Technology like Batman against getaway cars: New York police equip rifle with GPS launcher – progress does not stop at the questions of fighting crime. The New York Police Department (NYPD) is making great strides in this regard. The latest coup: three innovations to help officials. One of them is some kind of launcher. She fires Coke can-style sticky projectiles. Included: a GPS tracker for getaway vehicles. But there are critics.
A device that could also come from one of the three parts of the “Dark Knight” trilogy by exceptional director Christopher Nolan. It is intended to compensate for or even completely eliminate dangerous high-speed car chases, in which officials or bystanders are regularly injured or even killed. This is what you read in a report by the car portal “Carscoops”. The name of the company behind this device: “StarChase”. The New York Police Department has now entered into a subscription with the company.
Financial scope:
20,000 US dollars, currently around 18,000 euros. The source does not say whether this is a monthly or annual amount. In any case, launchers are provided for these buzzers, which, according to the “New York Times”, can be attached either to the front of a patrol car or to the lower barrel of an ArmaLite AR-15 rifle. The soda can-like bolt it fires is said to be fast enough to hit a getaway vehicle at close range. At the same time, however, it flies so slowly and was designed in such a way that, according to the article, it cannot harm bystanders.
The reason: The front of this bullet is soft and consists of a sticky cushion.

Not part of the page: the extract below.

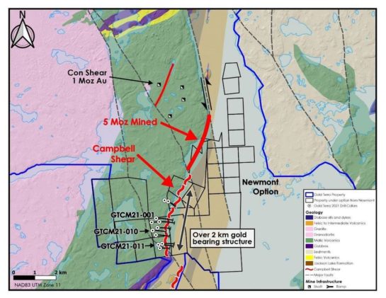 Gold Terra bohrt 5,99 g/t Au über 1,45 m in der Campbell Shear und bestätigt damit die Kontinuität der Zone Kam Point North über 200 m in Fallrichtung, Newmont Option, NWT

This sticks strongly when it comes into contact with the rear or flank of a getaway car. From there, the adhesive tracking device sends out a GPS pulse, which the police can follow to a vehicle stop. At the same time, officials at the usual checkpoints or checkpoints where they take radar measurements or usually check for drunk driving can be made aware of the data in order to draw a net around fugitives.
“What we want is to eliminate as many high-speed car chases around the city as possible,” said New York Mayor Eric Adams. According to StarChase, the GPS markers have already been used 10,000 times in different areas and have so far secured and brought back assets of 150 million US dollars. They are also used in undercover missions by special forces, for example.
New York is a world metropolis with a correspondingly high population density and several metropolitan areas such as neighboring New Jersey or Long Island. With so many road users in dense urban areas, a chase can have the most serious consequences. In the USA, such “high-speed chases” are repeatedly the subject of heated debates with the judiciary, which is already under criticism. Most recently, as of this writing, a car chase in Baltimore had caused an entire building to collapse.
The New York Police Department wants to use two more technologies:
A four-legged robot dog from the company Boston Dynamics and a robot that is to be used in the agency’s information gathering. Because of the devices, the authority has been criticized by civil and data protection advocates. As Albert Fox Cahn, executive director of the surveillance-critical Surveillance Technology Oversight Project, explained: “The NYPD turns bad science fiction into horrific police work. New York deserves real security and not a poor man’s RoboCop.”
According to Carscoops, the legal aid organization Legal Aid Society is also criticizing Mayor Adams and the New York Police Department for putting the new technologies into service without giving citizens an opportunity to voice their concerns.
Speaking to NBC, a representative of the organization said:
“The City Council passed the POST Act two years ago to address this very issue, but the NYPD has yet again failed to consult the public before expanding surveillance technology.”